WORK INSTRUCTION: Strip the pictures, then copy the remaining data exactly as it stands.

== DATA BLOCK ==

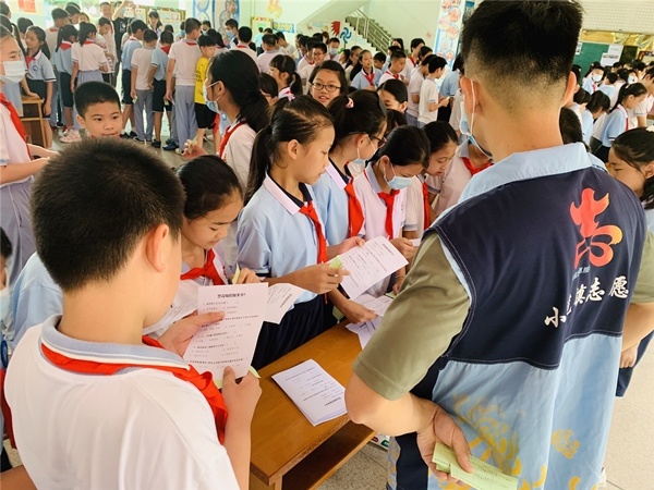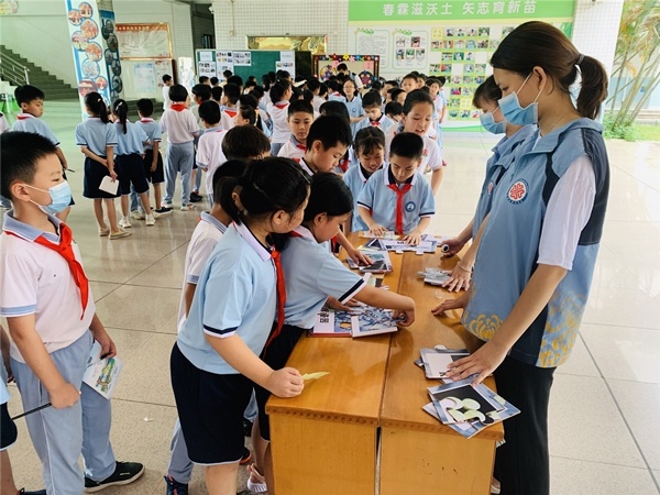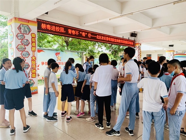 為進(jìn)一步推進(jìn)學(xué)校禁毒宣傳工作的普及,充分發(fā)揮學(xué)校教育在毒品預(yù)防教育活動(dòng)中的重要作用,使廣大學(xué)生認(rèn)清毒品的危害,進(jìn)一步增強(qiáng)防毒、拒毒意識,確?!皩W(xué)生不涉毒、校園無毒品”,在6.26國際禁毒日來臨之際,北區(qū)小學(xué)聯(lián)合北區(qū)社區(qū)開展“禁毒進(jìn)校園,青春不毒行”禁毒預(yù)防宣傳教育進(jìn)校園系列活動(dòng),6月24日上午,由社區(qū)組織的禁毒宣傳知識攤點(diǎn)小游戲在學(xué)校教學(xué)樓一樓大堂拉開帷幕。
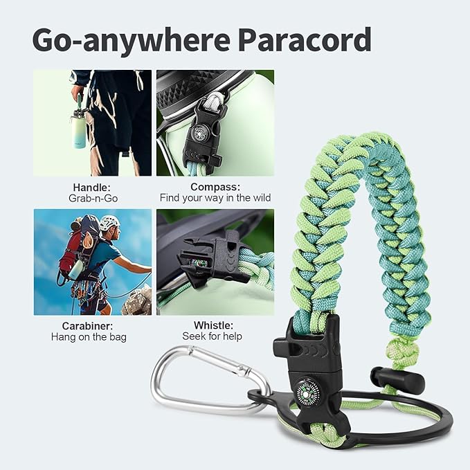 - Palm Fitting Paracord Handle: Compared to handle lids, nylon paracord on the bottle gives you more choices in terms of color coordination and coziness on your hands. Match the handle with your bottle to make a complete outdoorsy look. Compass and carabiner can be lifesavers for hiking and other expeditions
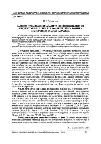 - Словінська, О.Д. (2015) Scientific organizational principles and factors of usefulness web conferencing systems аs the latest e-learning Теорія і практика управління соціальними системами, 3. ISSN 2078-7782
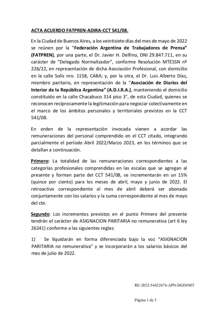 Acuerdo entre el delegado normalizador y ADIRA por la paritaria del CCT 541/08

===

ANSWER SECTION:
 為進(jìn)一步推進(jìn)學(xué)校禁毒宣傳工作的普及,充分發(fā)揮學(xué)校教育在毒品預(yù)防教育活動(dòng)中的重要作用,使廣大學(xué)生認(rèn)清毒品的危害,進(jìn)一步增強(qiáng)防毒、拒毒意識,確?!皩W(xué)生不涉毒、校園無毒品”,在6.26國際禁毒日來臨之際,北區(qū)小學(xué)聯(lián)合北區(qū)社區(qū)開展“禁毒進(jìn)校園,青春不毒行”禁毒預(yù)防宣傳教育進(jìn)校園系列活動(dòng),6月24日上午,由社區(qū)組織的禁毒宣傳知識攤點(diǎn)小游戲在學(xué)校教學(xué)樓一樓大堂拉開帷幕。
 - Palm Fitting Paracord Handle: Compared to handle lids, nylon paracord on the bottle gives you more choices in terms of color coordination and coziness on your hands. Match the handle with your bottle to make a complete outdoorsy look. Compass and carabiner can be lifesavers for hiking and other expeditions
 - Словінська, О.Д. (2015) Scientific organizational principles and factors of usefulness web conferencing systems аs the latest e-learning Теорія і практика управління соціальними системами, 3. ISSN 2078-7782
 Acuerdo entre el delegado normalizador y ADIRA por la paritaria del CCT 541/08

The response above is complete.